Mrs. Hathaway stumped back toward her open apartment door, muttering. They waited until the door had shut on the flickering blue TV light and the canned laughter before they dared to look at each other. She held out the phone to him. He shook his head.
"Keep it," he said. "I don't want to talk to anybody."
She dropped it into her purse, for lack of anything better to do with it. They stared at each other warily, both afraid to breathe.
"Want to take this fight upstairs and have it in the privacy of your apartment?" His voice was still hard, but the terrifying edge of his fury was blunted.
She nodded, and knelt down to gather her things up against her chest. Her clumsy fingers kept dropping things. Six flights were a long journey with Connor seething behind her. She felt his gaze burning into her back. Staring up at her body in that insubstantial dress.
She fished her keys out of her purse. As usual, he took them from her and pulled out his gun. She waited patiently through the whole familiar ritual until he waved her in, and locked and bolted the door.
She flipped her floor lamp on as he shrugged off his coat, flung it over a chair. He planted his feet wide and folded his arms over his chest. "So?" His voice was flat. "Let's hear it, Erin."
She dropped her things on the floor. Covered her breasts with her arms, and dropped them again, in an agony of embarrassment. She gathered up handfuls of her skirt and searched for a starting place.
"When I got to Mueller's place, Tamara met me at the door," she began. "She showed me a Celtic gold torque, in the shape of two fighting dragons. A new acquisition. Extremely beautiful."
He nodded for her to continue. "OK. And?"
"Mueller had requested that I model it for him. I tried to excuse my way out of it, told her I was dressed wrong. She said they had already ordered several gowns to set off the torque for me to choose from. She pressured me and… and so I—"
"And so you did it. You took off your clothes in that man's house and put on a dress that he bought for you." Fiercely controlled anger vibrated through his words. "Jesus, Erin, What were you thinking?"
She squeezed her eyes shut against his gaze. "I wasn't," she admitted. "I wish I hadn't done it. It was embarrassing and awful, and I will never, ever do anything so stupid again in my life, I promise. Please don't make such a big thing of it, Connor. It's just… a dress."
He seized her upper arms, so suddenly that she gasped in alarm, and pulled her over to the standing mirror, the only antique piece that she had allowed herself in the tiny apartment. The rosy light from the basket lampshade painted her body with garish reddish streaks of light and shadow. His arm beneath her breasts pulled the décolletage lower, so that the aureoles of her nipples peeped over it. Her lips were stained red with Tamara's cosmetics. Her eyes looked huge and frightened.

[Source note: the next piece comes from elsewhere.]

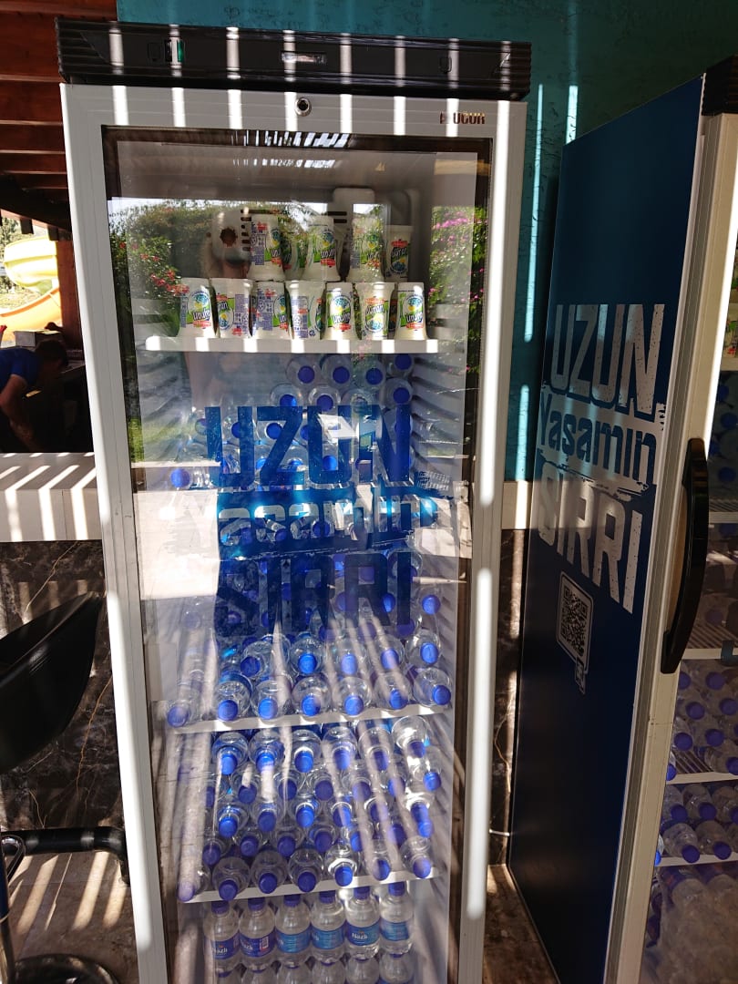 An der Poolbar und an der Snackbar stehen Kühlschränke mit Wasserflaschen (0,33 l, still) und Ayran

Connor stared at her in the mirror. His eyes were dilated with dark fascination. "Look at yourself," he said. "Maybe this is just a dress on some other woman, but not on your body. On you, it's something straight out of a hard-core wet dream." He pressed his erection against her bottom. "Last night you said you were my woman." His low voice took on a soft, hypnotic quality. "This morning you said it again. Did you mean it? Or were you lying to me?"
"I meant it." Her voice was very small.
He slid his hands down and gripped her waist. "Then I'm going to keep this real simple. We'll just forget our many other complicated issues, and concentrate on basic ground rules. Things that I thought should be obvious."
"Connor, you don't have to—"
"It is not OK with me that my woman should go to a strange man's private home unaccompanied," he said. "It is not OK with me that she should model priceless ancient jewelry for his enjoyment. And it is really, really not OK with me that she should strip naked in his house, paint her face, and put on sexy clothes that this other man bought for her. A man makes that kind of move when he means to f*ck you, Erin. A woman agrees to it when she's willing."